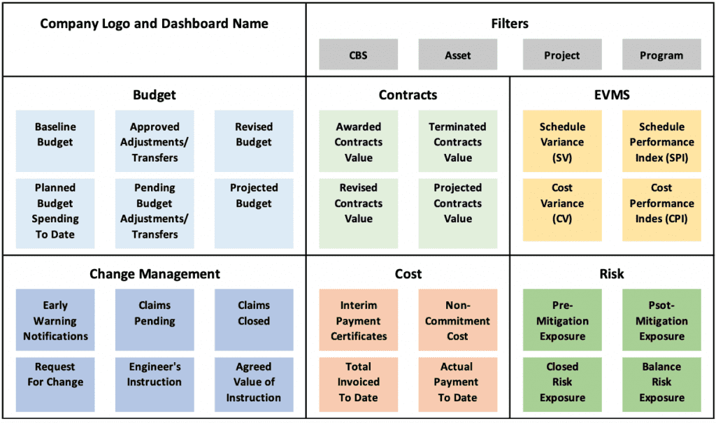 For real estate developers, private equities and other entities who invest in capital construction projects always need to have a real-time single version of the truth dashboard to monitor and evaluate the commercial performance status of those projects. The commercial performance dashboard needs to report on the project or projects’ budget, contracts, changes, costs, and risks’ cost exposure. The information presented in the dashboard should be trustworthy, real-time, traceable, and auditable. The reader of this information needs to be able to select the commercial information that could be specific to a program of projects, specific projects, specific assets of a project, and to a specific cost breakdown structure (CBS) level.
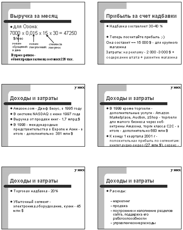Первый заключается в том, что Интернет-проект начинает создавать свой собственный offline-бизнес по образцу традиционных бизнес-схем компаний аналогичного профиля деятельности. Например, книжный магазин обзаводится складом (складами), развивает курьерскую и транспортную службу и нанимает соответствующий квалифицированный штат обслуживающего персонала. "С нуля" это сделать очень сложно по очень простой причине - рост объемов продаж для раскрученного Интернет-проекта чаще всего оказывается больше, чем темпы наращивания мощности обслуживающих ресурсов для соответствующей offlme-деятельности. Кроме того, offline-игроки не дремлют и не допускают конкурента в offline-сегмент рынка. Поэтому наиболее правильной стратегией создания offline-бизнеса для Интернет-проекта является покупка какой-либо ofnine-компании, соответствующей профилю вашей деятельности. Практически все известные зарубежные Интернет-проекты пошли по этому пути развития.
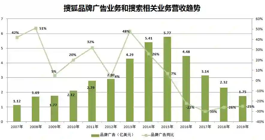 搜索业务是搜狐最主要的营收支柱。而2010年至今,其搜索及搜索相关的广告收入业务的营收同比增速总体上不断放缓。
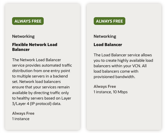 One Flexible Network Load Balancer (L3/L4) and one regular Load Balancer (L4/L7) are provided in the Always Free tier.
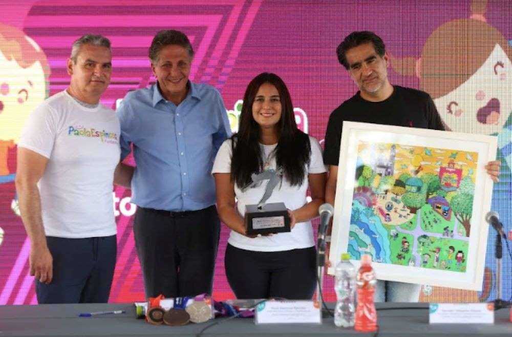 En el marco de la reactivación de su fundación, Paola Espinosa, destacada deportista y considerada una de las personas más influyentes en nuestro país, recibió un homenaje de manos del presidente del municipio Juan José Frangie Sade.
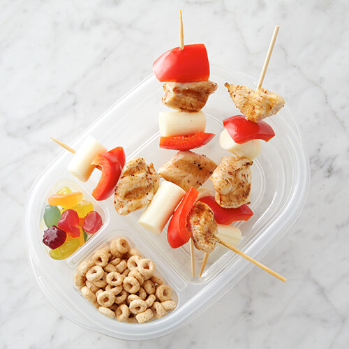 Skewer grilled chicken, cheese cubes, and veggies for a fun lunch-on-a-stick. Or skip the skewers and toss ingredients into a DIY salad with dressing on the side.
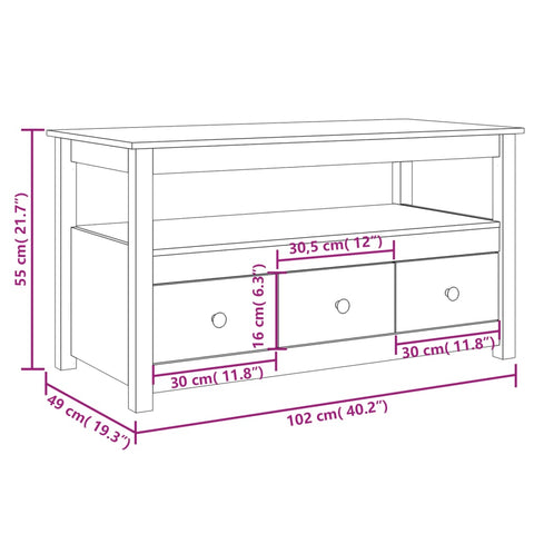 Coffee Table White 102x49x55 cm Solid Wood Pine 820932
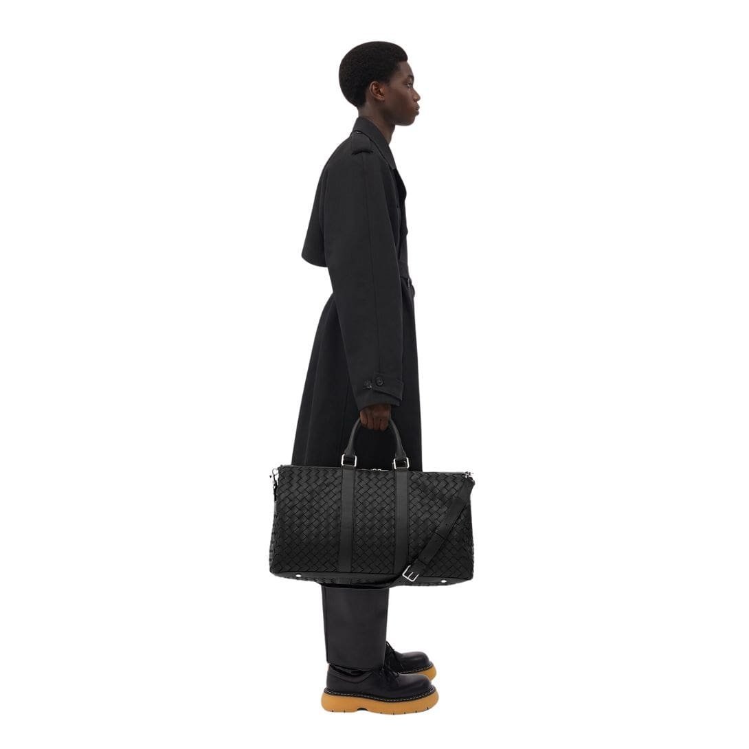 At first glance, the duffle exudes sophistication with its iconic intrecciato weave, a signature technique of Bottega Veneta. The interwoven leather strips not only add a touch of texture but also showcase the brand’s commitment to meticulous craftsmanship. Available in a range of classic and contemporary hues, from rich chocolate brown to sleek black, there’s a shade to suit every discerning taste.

* * * *

**TASK BRIEF**
Pictures aside, return exactly the lines from the data above, starting at the line that has "Первый заключается в" and ending at the line that has "Coffee Table White", both included.

**ANSWER TO THE PROBLEM**
Первый заключается в том, что Интернет-проект начинает создавать свой собственный offline-бизнес по образцу традиционных бизнес-схем компаний аналогичного профиля деятельности. Например, книжный магазин обзаводится складом (складами), развивает курьерскую и транспортную службу и нанимает соответствующий квалифицированный штат обслуживающего персонала. "С нуля" это сделать очень сложно по очень простой причине - рост объемов продаж для раскрученного Интернет-проекта чаще всего оказывается больше, чем темпы наращивания мощности обслуживающих ресурсов для соответствующей offlme-деятельности. Кроме того, offline-игроки не дремлют и не допускают конкурента в offline-сегмент рынка. Поэтому наиболее правильной стратегией создания offline-бизнеса для Интернет-проекта является покупка какой-либо ofnine-компании, соответствующей профилю вашей деятельности. Практически все известные зарубежные Интернет-проекты пошли по этому пути развития.
 搜索业务是搜狐最主要的营收支柱。而2010年至今,其搜索及搜索相关的广告收入业务的营收同比增速总体上不断放缓。
 One Flexible Network Load Balancer (L3/L4) and one regular Load Balancer (L4/L7) are provided in the Always Free tier.
 En el marco de la reactivación de su fundación, Paola Espinosa, destacada deportista y considerada una de las personas más influyentes en nuestro país, recibió un homenaje de manos del presidente del municipio Juan José Frangie Sade.
 Skewer grilled chicken, cheese cubes, and veggies for a fun lunch-on-a-stick. Or skip the skewers and toss ingredients into a DIY salad with dressing on the side.
 Coffee Table White 102x49x55 cm Solid Wood Pine 820932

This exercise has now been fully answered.